Accuracy for small and large detections. (a,b) Confusion matrices on test videos with separation between large and small automatic detections. The threshold for large detections is an area of 1cm2 which is 47.3 pixels. Shown percents sum to 1 for each column in (a) and each row in (b). The Large Urination class is correct in 100% of the cases in which it was reported by the classifier while Small Urination is correct in only 75.8% as shown in (b). Most of the confusion between feces and urine spots is for small detections: 7.1% of the Ground Truth (GT) urine events were classified as Small Feces while 0% as Large Feces as shown in (a). Also, 6.7% of the GT feces events were classified as Small Urine while 0% as Large Urine. No GT urine or GT feces event was classified as Large BG.

Urine and fecal depositions area during habituation start, habituation end, and trial. The mean area ±SEM of urine and fecal depositions per minute during habituation start (minutes 1-5), habituation end (minutes 11-14), and trial (first four minutes of trial). Statistical comparisons between the three periods (three pair-wise comparisons) were done separately for urine and fecal depositions. Mice with no urine or feces detection in these periods were ignored from the urine or feces analysis, respectively.

Comparison of mean deposition areas between sexes.
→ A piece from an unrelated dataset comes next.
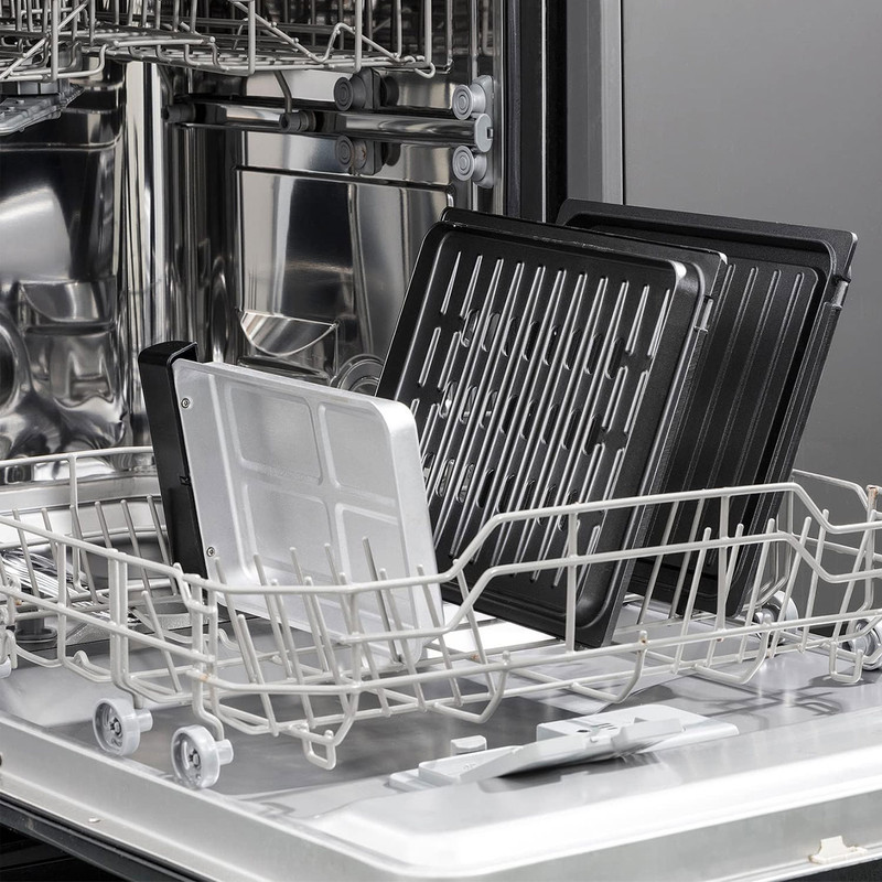 - سایر توضیحات: دارای فناوری کبابپزی بدون دود / صفحات و سینی چکهگیر قابل جدا شدن برای شستشو در ماشین ظرفشویی / پوشش نچسب بادوام فاقد مواد شیمیایی BPA، ۳ برابر دوام بیشتر / دارای لولای شناور (با ارتفاع پخت ۲.۵ سانتیمتر) / دارای چراغ نشانگر آماده بودن برای پخت / جنس بدنه – رویه از جنس استیل ضد زنگ، زیره از جنس پلاستیک / به لطف لولای شناور آن که غذاهایی تا ارتفاع ۳.۸ سانتیمتر را در خود جای میدهد، گوشت، ماهی، سبزیجات و بسیاری موارد دیگر را آماده کنید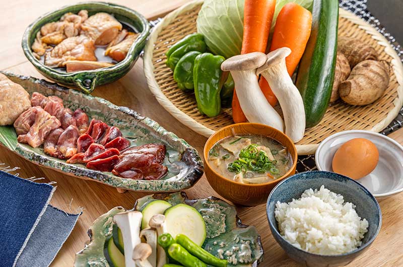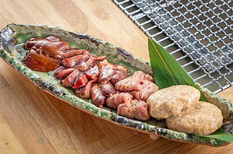 鶏肉は、みやざき地頭鶏のもも肉やむね肉をはじめ、砂ずり、はつ、きも、せせり、皮など、様々な部位をご提供。厳選した鶏肉を鮮度抜群な状態で仕入れており、炭火で香ばしく焼き上げるだけで、絶品の料理に昇華します。炉端焼き以外も熊本直送の馬刺しや郷土料理のだご汁など、多彩なメニューをご用意。新作メニューもあり、何度ご来店頂いても飽きのこないメニュー構成を心がけております。

The mean area ±SEM of urine and fecal depositions in males (blue bars) vs. females (red bars) during early (minutes 1-5) and late (minutes 11-14) minutes of habituation and during the first minute and minutes 2-4 of the trial. A significant difference between the mean area of urine or fecal depositions (Wilcoxon rank sum test) is marked with * (or # for 0.05<p-value ≤0.1) and a significant difference in the distribution of non-depositing animals (Chi-square test) is marked with + (or ! for 0.05<p-value ≤0.1).